Johnny: That's because I'm building a business, Bob. And right now I'm in strategy mode, looking for opportunities, and eventually I will implement a plan.
Bob: Well, if you feel like, uh, you might like to implement a muffler, be my guest. Because I can't afford to lose any customers right now, Johnny. Especially, ah, when I'm giving away free office space.

Quote from Bob

Bob: Oh, poor Dick. He loved that car. It was a gift from the church. He and his family hit on some hard times, and uh-
Johnny: Yeah, you know what, Bob? I'll tell 'ya, I will call Mr. Stinson, and apologize.
Bob: Well, you can apologize to Mr. Stinson until the cows come home, but I don't see how that is gonna help Dick Sinson!
Johnny: I'll fix it, Bob!
Bob: Here's hopin'.
Johnny: Ridiculous name! Sin- Sinson. Sinson! Dick Sin- Sinson!

Quote from Moira

Moira: Well, a little bird chirped in my ear about your singing group.
Jocelyn: Oh, you mean the Jazzagals?
Moira: Yes. At first I wondered aloud, why would a competitive vocal group not reach out to a trained chanteuse?
Jocelyn: Oh, we're just a group of gals.
Moira: Exactly. That's the answer. Small minds don't reach for the stars. No more! Not on my watch. Jocelyn, I am here!

Quote from David

David: Question. The cedar planks out behind the motel, are they being used for something, or are they up for grabs?
Stevie: How do you know it's cedar?
David: Um, I bought a cologne once, in Japan, that's supposed to smell like the aftermath of a car crashing into a cedar tree.
Stevie: Why would anyone wanna smell like that?

Quote from Moira

Moira: David! Alexis! Time to leave for breakfast.

Quote from David

Mutt: Can I tell you something? But you gotta promise not to tell Alexis.
David: Okay, um If you're experiencing feelings for me, like, I totally get it.

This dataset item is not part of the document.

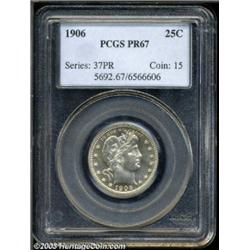 <table><tr><td><TABLE cellSpacing=0 cellPadding=0 width="100%" bgColor=#000000 border=0><TBODY> <TR><TD width="100%"><TABLE cellSpacing=1 cellPadding=3 width="100%" border=0><TBODY><TR><TD width="100%" bgColor=#79735c><FONT face=arial color=#ffffff size=3><B>Description</B> </FONT></TD></TR><TR><TD width="100%" bgColor=#ffffff><FONT face=arial size=2><B>1906 25C PR67 PCGS.</B></I> Faint pastel-lemon toning evenly covers each side of this deeply mirrored proof striking. The surfaces are virtually flawless, and the striking details are fully brought up in all areas. A lovely, fully original type coin. Some scuffiness over the reverse arrows is actually on the PCGS holder, not on the coin. Population: 17 in 67, 2 finer (9/03). </FONT></TD></TR></TBODY></TABLE></TD></TR></TBODY></TABLE><BR><A name=PricesRealized></A><TABLE cellSpacing=0 cellPadding=0 width="100%" bgColor=#000000 border=0><TBODY><TR><TD width="100%"><TABLE cellSpacing=1 cellPadding=3 width="100%" border=0><TBODY><TR><TD width="100%" bgColor=#79735c><A name=PR><FONT face=arial color=#ffffff size=3><B>Previous Prices from Heritage Auctions</B> </FONT></A></TD></TR><TR><TD bgColor=#f6f6ed><TABLE cellSpacing=0 cellPadding=0 width="100%" border=1><TBODY><TR><TD align=middle width="33%"><B>Date</B></TD><TD align=middle width="33%"><B>Service</B></TD><TD align=middle width="33%"><B>Price</B></TD></TR><TR bgColor=whitesmoke><TD width="33%"><B>01/12/2002</B></TD><TD width="33%">PCGS</TD><TD width="33%">$2,990.00</TD></TR><TR bgColor=whitesmoke><TD width="33%"><B>11/01/1999</B></TD><TD width="33%">NGC</TD><TD width="33%">$3,850.00</TD></TR></TBODY></TABLE></TD></TR><TR><TD bgColor=#ffffff><FONT face=arial size=1 ?>PLEASE NOTE: All prices realized reflect the final hammer price PLUS the buyer's premium in auctions that charge a buyer's premium. Each item has a notation at the top of the listing indicating whether that lot included a buyer's premium. Example: A item that sells with a final hammer price of $100 and a 20% buyer's premium will display with a price realized of $120. All information listed is intended to be as accurate as possible, but errors are possible. Please use this guide carefully and inform us of any inaccuracies. </FONT></TD></TR></TBODY></TABLE></TD></TR></TBODY></TABLE><BR><TABLE cellSpacing=0 cellPadding=0 width="100%" bgColor=#000000 border=0><TBODY><TR><TD width="100%"><TABLE cellSpacing=1 cellPadding=3 width="100%" border=0><TBODY><TR><TD width="100%" bgColor=#79735c colSpan=6><FONT face=arial color=#ffffff size=3><B>Price Guide*</B> </FONT></TD></TR><TR bgColor=#f6f6ed><TD align=middle><B>Grade</B> </TD><TD align=middle><B>Coin World<BR>(Trends)</B> </TD><TD align=middle><B>Numismedia<BR>Retail</B> </TD><TD align=middle><B>Numismedia<BR>Wholesale</B> </TD><TD align=middle><B>Coin<BR>Universe</B> </TD><TD align=middle><B>Heritage<BR>Value Index</B> </TD></TR><TR bgColor=#ffffff><TD align=middle>66</TD><TD align=right>---</TD><TD align=right>---</TD><TD align=right>$2,325.00</TD><TD align=right>$3,350.00</TD><TD align=right>$2,185.00</TD></TR><TR style="FONT-WEIGHT: bold" bgColor=#cccfdd><TD align=middle>67</TD><TD align=right>---</TD><TD align=right>---</TD><TD align=right>$3,850.00</TD><TD align=right>$5,250.00</TD><TD align=right>$4,090.00</TD></TR><TR bgColor=#ffffff><TD align=middle>68</TD><TD align=right>---</TD><TD align=right>---</TD><TD align=right>$9,650.00</TD><TD align=right>---</TD><TD align=right>---</TD></TR><TR bgColor=#ffffff><TD colSpan=6><FONT size=1>*All information listed is intended to be as accurate as possible, but errors are possible. No item may be returned or refused based on this information which is provided as a service to our customers. You should contact each pricing source directly to determine the accuracy of this information. </FONT></TD></TR></TBODY></TABLE></TD></TR></TBODY></TABLE><BR><TABLE cellSpacing=0 cellPadding=0 width="100%" bgColor=#000000 border=0><TBODY><TR><TD width="100%"><TABLE cellSpacing=1 cellPadding=3 width="100%" border=0><TBODY><TR><TD width="100%" bgColor=#79735c><FONT face=arial color=#ffffff size=3><B>Population Guide</B> </FONT></TD></TR><TR bgColor=#ffffff><TD align=middle><!-- Begin Output of Population Grid--><TABLE cellSpacing=0 cellPadding=0 width="100%" border=0><TBODY><TR><TD vAlign=center><TABLE cellSpacing=0 width="100%" border=1 cellsadding="3"><TBODY><TR><TD vAlign=center><TABLE cellSpacing=0 cellPadding=3 width="100%" border=1><TBODY><TR><TD vAlign=center align=middle bgColor=#f0f1e8 colSpan=2 <CENTER><FONT face=Arial size=2><B>PCGS Pop </B></FONT><CENTER></CENTER></TD><TD vAlign=center align=middle bgColor=#f0f1e8 colSpan=2><CENTER><FONT face=Arial size=2><B>NGC Pop</B></CENTER></FONT></TD></TR><TR><TD vAlign=center><FONT face=Arial size=2>(67)</FONT> </TD><TD vAlign=center align=right><FONT face=Arial size=2>17</FONT> </TD><TD vAlign=center><FONT face=Arial size=2>(67)</FONT> </TD><TD vAlign=center align=right><FONT face=Arial size=2>19</FONT> </TD></TR><TR><TD vAlign=center><FONT face=Arial size=2>(>67)</FONT> </TD><TD vAlign=center align=right><FONT face=Arial size=2>2</FONT> </TD><TD vAlign=center><FONT face=Arial size=2>(>67)</FONT> </TD><TD vAlign=center align=right><FONT face=Arial size=2>4</FONT> </TD></TR></TBODY></TABLE></TD></TR></TBODY></TABLE></TD></TR></TBODY></TABLE><!-- End Output of Population Grid--></TD></TR></TBODY></TABLE></TD></TR></TBODY></TABLE><BR><TABLE cellSpacing=0 cellPadding=0 width="100%" bgColor=#000000 border=0><TBODY><TR> Important notice: Heritage usually auctions material at the rate of 200-250 lots per hour. On some occasions eBay Live bid software or the Internet may not be able to keep up with the pace of the auction. We recommend placing a realistic absentee bid now as insurance to avoid disappointment. Occasionally the auctioneer may eliminate or reject an eBay Live bid, and the auctioneer may also reopen a lot after the close of the eBay live bidding (usually because we missed an audience bid), and

And normally I'd be into it, I've just been down this road before, and it's- It's messy.
Mutt: No, it's about Alexis.
David: I see, okay.

Quote from Moira

Moira: You do realize I am a professional vocalist.
Twyla: Oh, really? I thought you were in like, a soap opera.
Moira: Oh, I didn't know you were a fan, thank you! My roots are in the theatre. Especially musicals. Anything "Andy" Webber.
Twyla: Wow. So did you record an album?
Moira: Oh, yes, you'll find me on ensemble tracks seven, nine, and thirteen of the original cast recording of Starlight- "Starlight Express."